*EXERCISE DIRECTIONS*. Retype, exactly as they stand, the lines from the start of the data to the line that contains "В этом построении", both ends included. Leave the pictures out.

*DATA FOR REVIEW*.

········

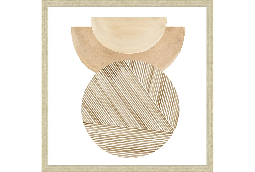 Enhance your living space with the 24X24 Overlap Moon Terracotta II With Washed White Frame. This modern, abstract framed art piece features a natural color palette that complements any decor. Made in the USA, this square canvas print is perfect for adding a touch of contemporary style to your home.
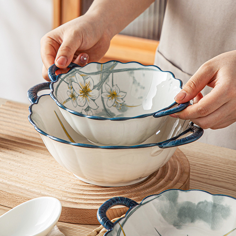 高い顔の値の日本式の双耳の大きいスープの碗の新型の陶磁器の家庭の大きいサイズの顔の碗のサラダの碗のナットの粉のスープの碗
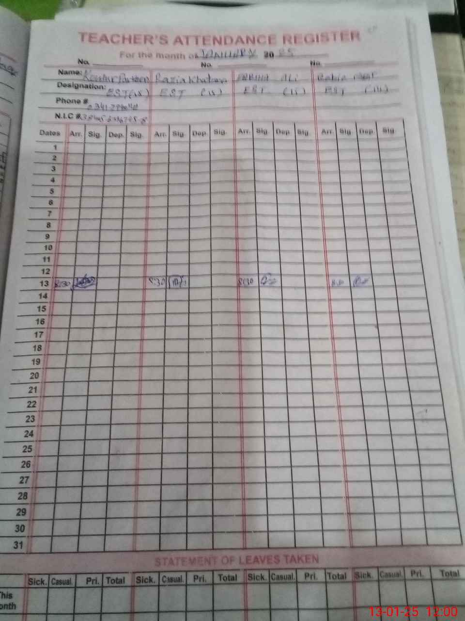 | CNIC | Full Name | Designation | R/C | Absence During Last Calender Month |
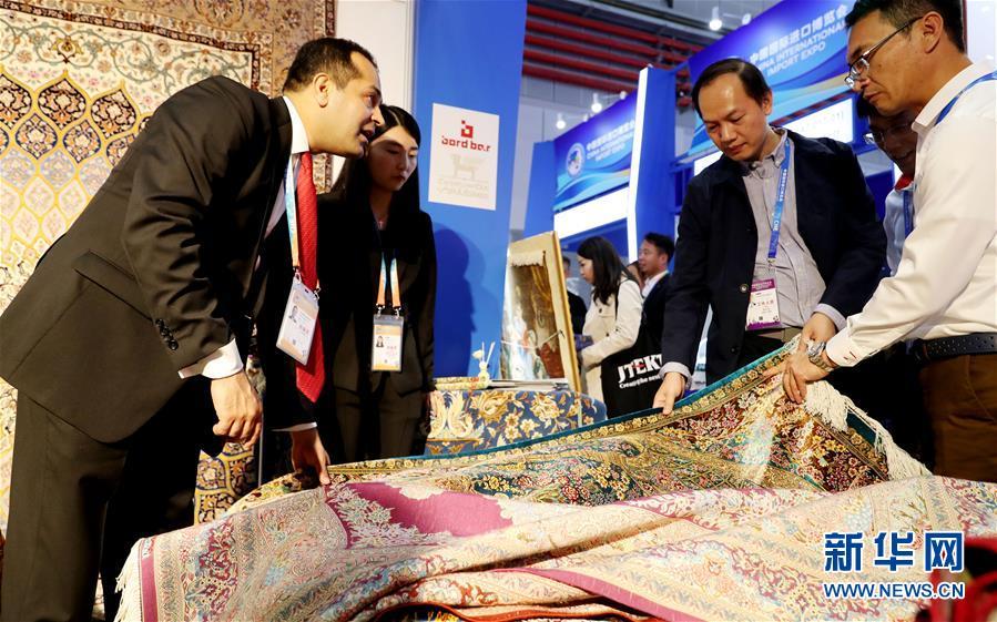 11月5日,一名來(lái)自伊朗的地毯展商(左)向參觀者介紹產(chǎn)品。 新華社記者 方喆 攝
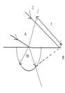 В этом построении используются лучевые поверхности т к для получения фронта плоской волны по правилу Гюйгенса проводят пл-ти, касательную к пов-ти Гюйгенса, а фронт волны касателен к лучевой пов-ти (рис1). 1. Построение Гюйгенса для положительного кристалла (V0>Ve, n0<ne), оптич. ось кот-го направлена под произвольным углом к пов-ти кристалла и лежит в пл-ти падения. Пусть АС-участок волнового фронта падающей волны, отрезок СВ принимается за единицу (рис2).
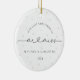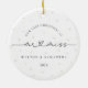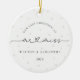 Mark your last Christmas as a Mr. and Miss with this timeless, minimalist ornament. Featuring classic and script black and white fonts and soft white pearl imagery in the background, this ornament exudes simple elegance, perfect for engaged couples. It's a beautiful reminder of your first Christmas together before becoming a married couple, adding a modern yet sentimental touch to your holiday decor. Easily customize it with your names and the year to make this keepsake uniquely yours, commemorating your engagement season in style.
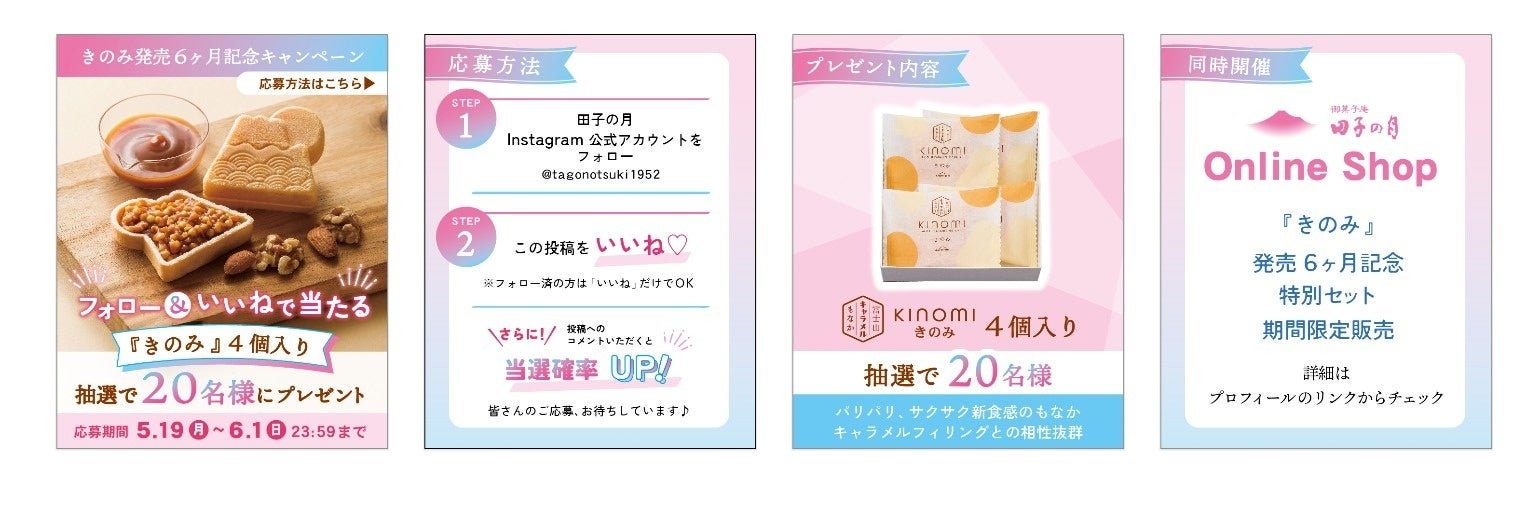 株式会社 田子の月(本社:静岡県富士市今泉380-1、代表取締役社長:牧田 桂輔)は、2024年11月1日に発売以来、ご好評をいただいているネオ和菓子「富士山キャラメルもなか きのみ」の発売6ヶ月を記念して、Instagramでのフォロー&いいね!キャンペーンを本日より開催することを発表いたします。
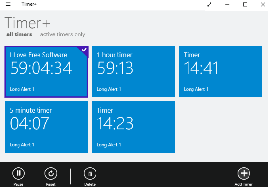 In this article, I will introduce you to 5 free Windows 10 multi timer apps. With these multi timer Windows apps, you can set multiple timers for different tasks. Once a timer goes off, you will be alerted by a desktop notification plus a sound. Best of all, these multiple timers remain active even if you close these apps or restart your PC. Some of the Windows 10 apps on my list even display the count of active timers on the Windows Taskbar. Apart from that, you can also add multiple timers into multiple groups. This will allow you to categorize timers for similar tasks together or create multiple interval timers of a task.
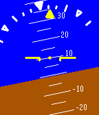 This app uses the Pebble's accelerometer to simulate an attitude indicator. The main indicator shows an artificial horizon and degrees of pitch up or down. The bank indicator at the top displays left or right tilt, with markers at 10, 20, 30, 45, and 60 degrees. By default the backlight is kept on, although it can be turned off by pressing the top right button and waiting a few seconds. Because an accelerometer is used and not a gyroscope, this app is only accurate while stopped or at a constant velocity, not while turning. I would not recommend using this for navigation anyway. ;)
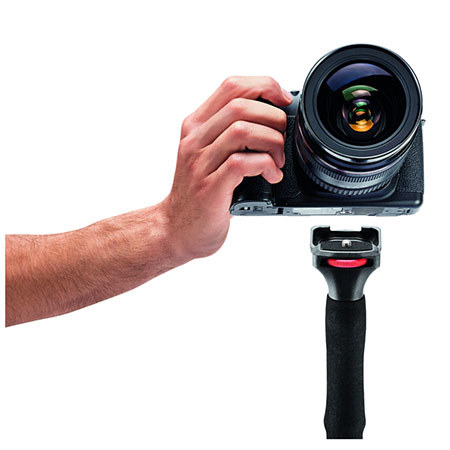 The top of one pole's handgrips features an integrated camera mount with quick wheel attachment, which permit its use as a convenient monopod. Simply remove the protective cap and screw into the camera to attach it.
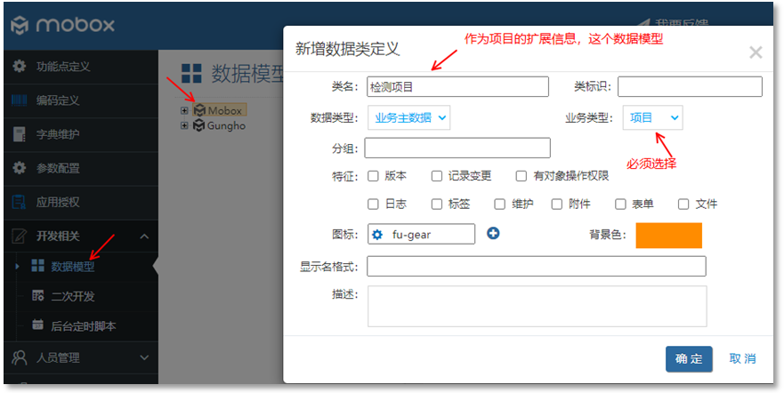 因為,我們是為Gungho的項目管理做配套,所以在mobox建立數(shù)據(jù)模型的時候,有類型需要選擇? ,業(yè)務(wù)類型必須是 “項目”
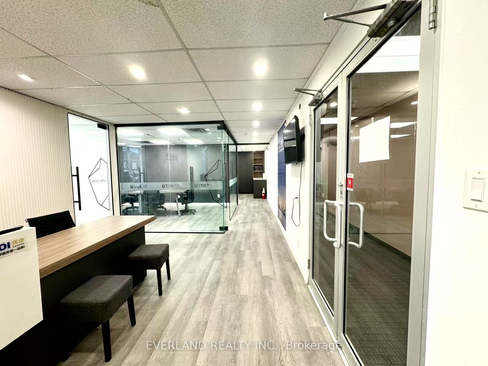 • Includes a reception area, separate offices, and a board room.
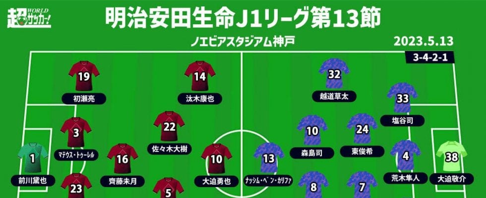 【明治安田生命J1リーグ第13節】 2023年5月13日(土) 14:00キックオフ ヴィッセル神戸(1位/26pt) …
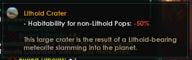 Comme indiqué précédemment dans DD#305, nous avons repris Calamitous Birth pour lui donner un peu d’amour. Cela comprend la suppression de la perte d’habitabilité des cratères lithoïdes pour les pops lithoïdes ainsi que l’augmentation de l’efficacité des traits exclusifs lithoïdes tels que les sous-produits gazeux sur le monde des cratères massifs.
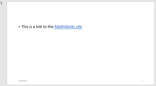 import mlreportgen.ppt.* ppt = Presentation("myPresentation3.pptx"); open(ppt); add(ppt,"Title and Content"); p = Paragraph("This is a link to the "); link = ExternalLink("https://www.mathworks.com","MathWorks site"); append(p,link); replace(ppt,"Content",p); close(ppt); rptview(ppt);
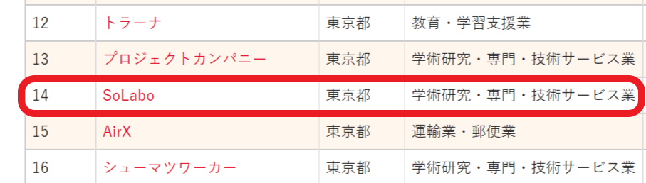 なお、今回の調査を実施したスタティスタは、イギリスのFinancial Timesとの共同調査としてアジア大洋州地域の成長企業上位500社も公表しており(FT ranking of 500 of the Asia-Pacific region’s high-growth companies)、SoLaboは当該調査においては、「Management Consulting(マネジメント・コンサルティング)部門」において海外企業を含めて全体3位、アジア太平洋地域総合では102位に選出されました。

········

*ANSWER AREA*.
 Enhance your living space with the 24X24 Overlap Moon Terracotta II With Washed White Frame. This modern, abstract framed art piece features a natural color palette that complements any decor. Made in the USA, this square canvas print is perfect for adding a touch of contemporary style to your home.
 高い顔の値の日本式の双耳の大きいスープの碗の新型の陶磁器の家庭の大きいサイズの顔の碗のサラダの碗のナットの粉のスープの碗
 | CNIC | Full Name | Designation | R/C | Absence During Last Calender Month |
 11月5日,一名來(lái)自伊朗的地毯展商(左)向參觀者介紹產(chǎn)品。 新華社記者 方喆 攝
 В этом построении используются лучевые поверхности т к для получения фронта плоской волны по правилу Гюйгенса проводят пл-ти, касательную к пов-ти Гюйгенса, а фронт волны касателен к лучевой пов-ти (рис1). 1. Построение Гюйгенса для положительного кристалла (V0>Ve, n0<ne), оптич. ось кот-го направлена под произвольным углом к пов-ти кристалла и лежит в пл-ти падения. Пусть АС-участок волнового фронта падающей волны, отрезок СВ принимается за единицу (рис2).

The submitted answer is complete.